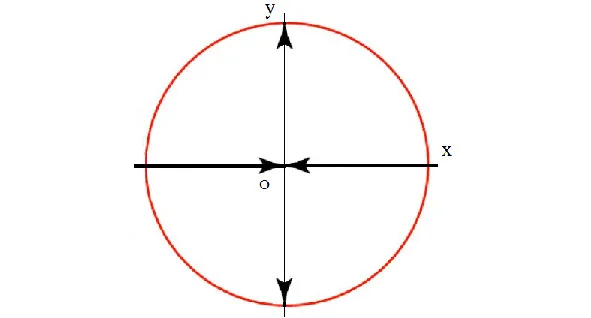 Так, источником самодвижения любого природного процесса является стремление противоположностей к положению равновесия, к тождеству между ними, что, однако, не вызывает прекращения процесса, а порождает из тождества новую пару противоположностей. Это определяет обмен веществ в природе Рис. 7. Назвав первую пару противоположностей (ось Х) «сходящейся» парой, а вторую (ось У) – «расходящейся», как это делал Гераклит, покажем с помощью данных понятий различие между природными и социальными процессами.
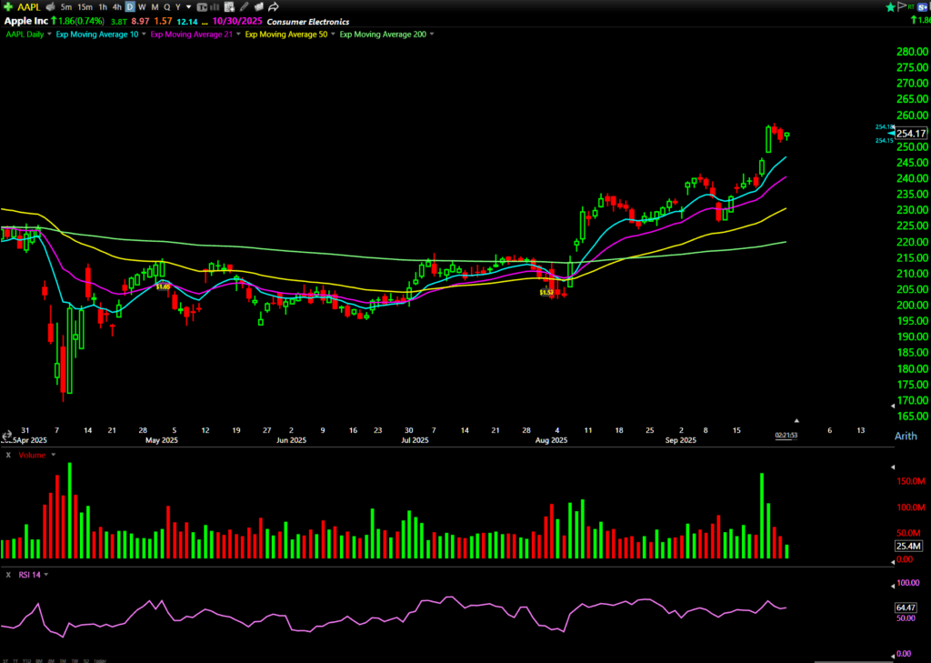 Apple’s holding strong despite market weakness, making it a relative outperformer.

...

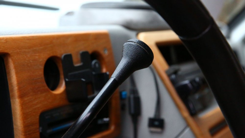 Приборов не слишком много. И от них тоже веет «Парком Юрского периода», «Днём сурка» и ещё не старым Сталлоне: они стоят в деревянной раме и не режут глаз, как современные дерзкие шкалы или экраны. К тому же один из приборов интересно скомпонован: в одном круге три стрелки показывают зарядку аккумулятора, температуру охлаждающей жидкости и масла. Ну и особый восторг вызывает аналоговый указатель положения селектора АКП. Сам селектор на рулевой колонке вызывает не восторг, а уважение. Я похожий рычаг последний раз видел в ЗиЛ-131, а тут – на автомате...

--

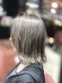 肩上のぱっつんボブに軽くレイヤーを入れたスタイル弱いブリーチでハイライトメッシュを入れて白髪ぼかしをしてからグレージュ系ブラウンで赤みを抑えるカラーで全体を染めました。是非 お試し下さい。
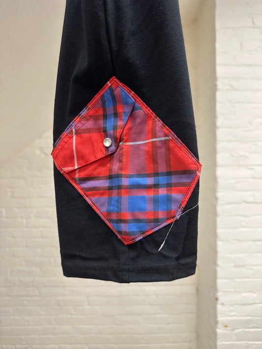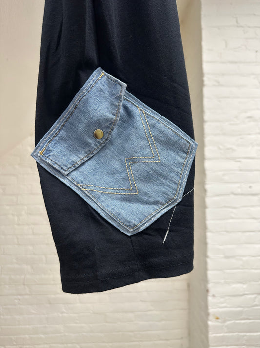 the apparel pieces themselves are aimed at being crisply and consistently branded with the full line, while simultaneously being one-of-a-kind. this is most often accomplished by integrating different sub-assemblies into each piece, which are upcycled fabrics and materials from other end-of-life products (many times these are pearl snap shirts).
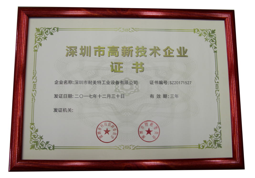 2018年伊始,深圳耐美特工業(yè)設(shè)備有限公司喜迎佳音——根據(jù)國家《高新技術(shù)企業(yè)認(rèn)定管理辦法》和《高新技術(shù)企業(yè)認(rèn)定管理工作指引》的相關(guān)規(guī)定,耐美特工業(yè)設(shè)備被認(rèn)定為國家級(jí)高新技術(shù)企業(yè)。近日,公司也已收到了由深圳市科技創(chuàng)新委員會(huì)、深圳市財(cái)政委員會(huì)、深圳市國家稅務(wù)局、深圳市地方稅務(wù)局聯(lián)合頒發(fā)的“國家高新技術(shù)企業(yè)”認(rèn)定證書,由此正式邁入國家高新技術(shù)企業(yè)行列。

**To do**
Above are records; write out the lines from the one with "Так, источником самодвижения" down to the one with "Apple’s holding strong", exactly, leaving the pictures out.

**Response to the exercise**
 Так, источником самодвижения любого природного процесса является стремление противоположностей к положению равновесия, к тождеству между ними, что, однако, не вызывает прекращения процесса, а порождает из тождества новую пару противоположностей. Это определяет обмен веществ в природе Рис. 7. Назвав первую пару противоположностей (ось Х) «сходящейся» парой, а вторую (ось У) – «расходящейся», как это делал Гераклит, покажем с помощью данных понятий различие между природными и социальными процессами.
 Apple’s holding strong despite market weakness, making it a relative outperformer.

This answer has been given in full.